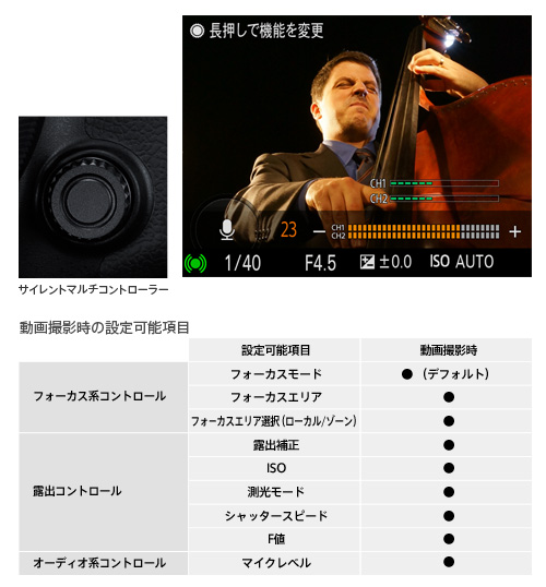 多彩な設定をファンクションボタンとダイヤルで瞬時に直感的に変更できる新インターフェース「サイレントマルチコントローラー」を本体前面に搭載。録画中でもオーディオ録音レベルの調節をはじめ、フォーカスエリア設定、AFモード、露出補正、ISO感度など、多彩なパラメーター調節を静かでスムーズに行えます。
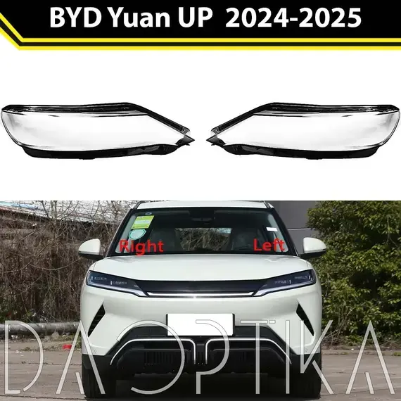 Стекло правой фары из оптического поликарбоната с защитным лаком для замены оригинального стекола фары на BYD Yuan UP 2024-2025
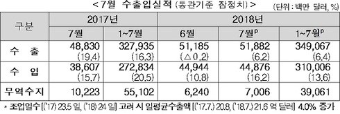 또한 1월∼7월 누적 수출은 전년동기비 6.4% 증가한 3,491억 달러로 사상 최대 실적을 거뒀다.
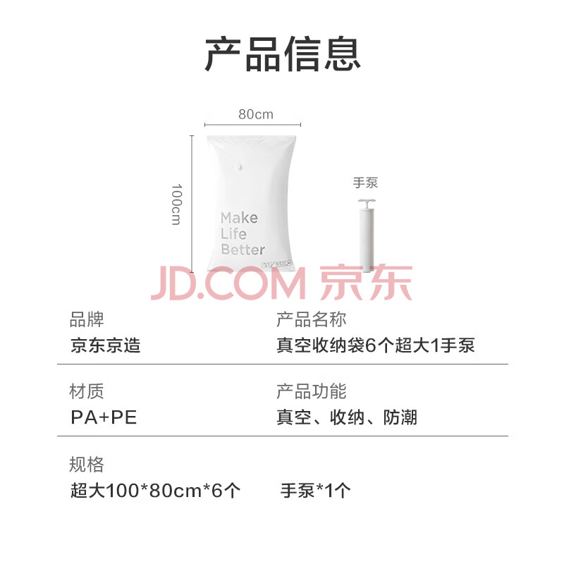 商品相册:京东京造 简约生活真空收纳袋 搬家打包袋压缩袋7件套衣物【6超大+1手泵】第

What you should do:
Write out the whole listing exactly. Pictures stay out.

Task answer:
 多彩な設定をファンクションボタンとダイヤルで瞬時に直感的に変更できる新インターフェース「サイレントマルチコントローラー」を本体前面に搭載。録画中でもオーディオ録音レベルの調節をはじめ、フォーカスエリア設定、AFモード、露出補正、ISO感度など、多彩なパラメーター調節を静かでスムーズに行えます。
 Стекло правой фары из оптического поликарбоната с защитным лаком для замены оригинального стекола фары на BYD Yuan UP 2024-2025
 또한 1월∼7월 누적 수출은 전년동기비 6.4% 증가한 3,491억 달러로 사상 최대 실적을 거뒀다.
 商品相册:京东京造 简约生活真空收纳袋 搬家打包袋压缩袋7件套衣物【6超大+1手泵】第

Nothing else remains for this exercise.